На письме истории персонального опыта приобретали трагическую тональность, которая в устных рассказах отсутствовала. Как правило, публичные выступления содержали благодарность сибирякам – как благодарность за разрешенный рассказ, а также как обязательное выражение лояльности к государству и как доказательство «объективности» высказываний: раз мы честно помним про добро русского народа, значит, наши беды тоже правда. Раз вы разрешаете нам говорить о трагедии калмыцкого народа, мы не забудем рассказать и о доброте русского народа.

 

Мама всегда рассказы о своих мытарствах начинала с того момента, как русский капитан помог погрузить теплые вещи на телегу. И все родные начинали благословлять его, желать ему всяческого здоровья. И мы искренне верили, что капитан жив. А бабушка вплетала слово “капитан” в свои буддийские молитвы. Старшие говорили, что если бы не он, то мы примерзли бы к вагонному полу навсегда[438].

Помню, как увозили нас со станции в русские села... Многие встречающие приехали с тулупами, чтобы обогреть. Хотя бериевцы пускали слухи, что едут люди с кинжалами на поясе, людоеды. Вначале смотрели недоверчиво. Но потом оттаяли, и часто крестьяне жалели нас и помогали. Сердце у русского народа большое и доброе[439].

Эти два рассказа принадлежат женщинам и могут быть объяснены «женской эмоциональностью», а вот выдержка из мужских воспоминаний, где повествование незаметно переходит в традиционный калмыцкий жанр благопожеланий:

 

С нами остались два солдата, один из них пожилой, был такой добродушный, видно из крестьян.
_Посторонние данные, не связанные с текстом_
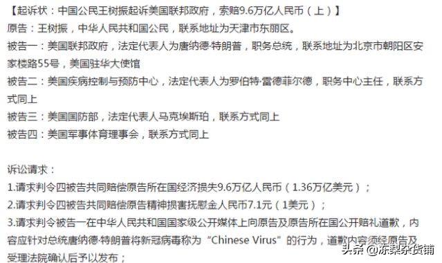 面对美国这样的做法,我国民众也纷纷做出了反击。近来,南开大学的英语教师王振树,将美国总统和国防部告上法庭,提出向美国索赔9.6万亿元请求。我们对王振树教师的诉讼请求进行了梳理:

Он всем видом старался показать, что в душе он полностью сочувствует нам, видит, как несправедливо поступает с нами власть, но он солдат и выполняет приказ начальства. Как только офицер ушел, он сказал маме и дяде, чтобы мы брали с собой вещи потеплее, что нас повезут в холодные края, в Сибирь, и чтобы побольше запаслись продуктами, так как дорога предстоит дальняя, а потом спросил: “Есть ли у вас что-нибудь из живности? ” Мама ответила, что есть бычок, тогда он посоветовал, что его надо зарезать. Жаль, что мы в этой суматохе не спросили у доброго солдата ни имени, ни фамилии, ни откуда он родом. Спешно солдат вместе с дядей зарезали бычка, мама быстро растопила печь и начала варить мясо на дорогу. Пока мясо варилось в котле, солдат помог маме упаковать все вещи в чемодан и узлы. Благодаря этому красноармейцу мы смогли забрать с собой почти всю одежду и запастись продуктами на дальнюю дорогу. Спасибо тебе, русский солдат, за твое благородное, человеческое сострадание к несчастной калмыцкой семье фронтовика, может быть, благодаря тебе мы живыми добрались до Сибири и выжили в сибирской ссылке. Мы тебя никогда не забудем и будем благодарить Бога за твое здоровье, если ты жив, а если нет, пусть будут счастливы твои дети и внуки[440].

К нам пришли четыре солдата, и один из них почти силой заставил нашу маму взять две подушки, одно одеяло и шубу нашего дедушки[441].

Мама оставляла братишку у русской женщины, у которой было много детей. Она кормила брата грудью, а мама работала[442].

Надо отметить, что благодарность русским людям – не просто жест вежливости, это искренняя благодарность конкретным людям, которые помогали в той или иной трудной ситуации: они накормили, поделились теплой одеждой, дали приют, при необходимости принимали роды, а также были друзьями, подругами, одноклассниками, соседями, сотрудниками, учителями и учениками. Благодарность, которая должна быть зафиксирована письменно – ведь что написано пером, не вырубишь топором. Для многих калмыков эти годы пришлись на их юность, которая теперь кажется им лучшим временем жизни. Мой старший коллега, заведующий кафедрой этнографии Омского государственного университета Н.А.Томилов, рассказывал, как он приехал на сессию по итогам полевых этнографических исследований в Элисту в 1981 г. и был удивлен особо почетному приему. «Я только что защитил кандидатскую диссертацию, и мне казалось, что персональная встреча в аэропорту, званый ужин мне как бы не по статусу. А мне ответили калмыцкие историки: так ты же – наш земляк, мы же в Омске и Омской области нашу молодость провели»[443].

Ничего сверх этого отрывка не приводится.